As contemplated by the briefing schedule, on January 16, 2013, the Petitioners filed their Opening Brief in their bid for a review of the SEC’s conflict minerals rule. In their 198-page brief, the Petitioners (Business Roundtable, US Chamber of Commerce, and the National Association of Manufacturers) addressed each of the grounds for review that they described in their Statement of Issues filed on November 21, 2012.
The Petitioners argue that:
- The SEC failed to do the proper cost/benefit analysis of the rule and imposed the rule’s high cost of compliance without determining that the rule would provide the intended benefit.
- The SEC did not exercise appropriate agency judgment and acted arbitrarily when it imposed more stringent requirements and rejected less burdensome ones.
- The SEC was wrong to conclude that it could not create a de minimis exception to the rule.
- The SEC required an unreasonably stringent “reasonable country of origin inquiry” when it provided that the rule covers conflict minerals that companies have “reason to believe… may have originated” in the covered countries.
- The SEC was wrong to extend the rule to those who contract with others for the manufacture of products.

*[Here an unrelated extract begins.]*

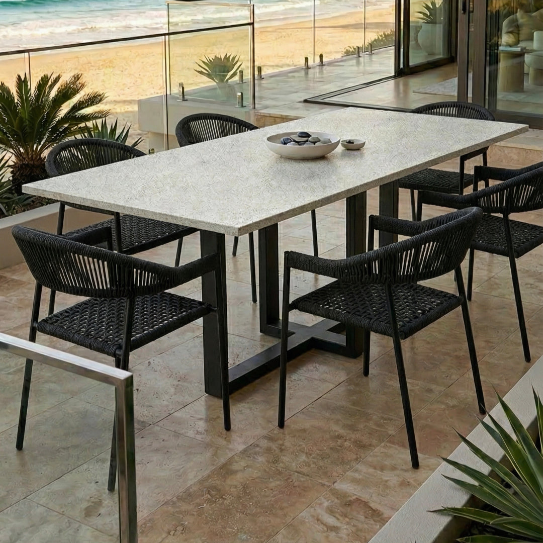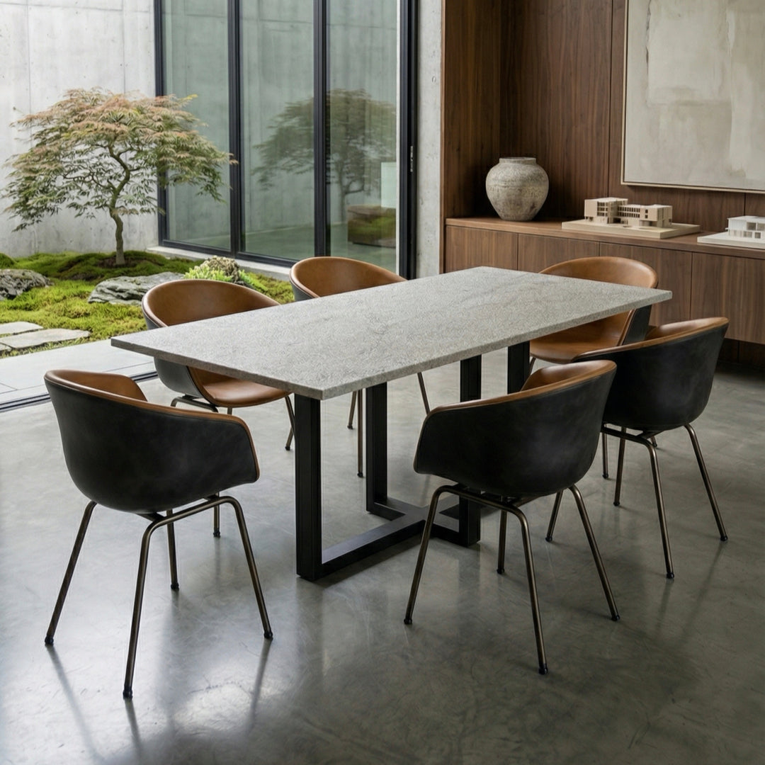 Cada pieza es única, resaltando las vetas naturales y los tonos suaves del granito Itaunas, que se adapta a cualquier estilo de decoración. Ideal para comedores y terrazas. Esta mesa no solo es funcional, sino también una obra de arte hecha a mano con la más alta calidad.

- The SEC acted arbitrarily when it included a shorter phase-in period for larger companies when they often depend on disclosure from smaller companies which are given a longer phase-in period.
- The Rule violates the First Amendment by compelling companies to make misleading and stigmatizing public statements indicating that their products contribute to human rights abuses.
The Petitioners are represented in this case by Sidley Austin. The SEC’s Brief is due on March 1st.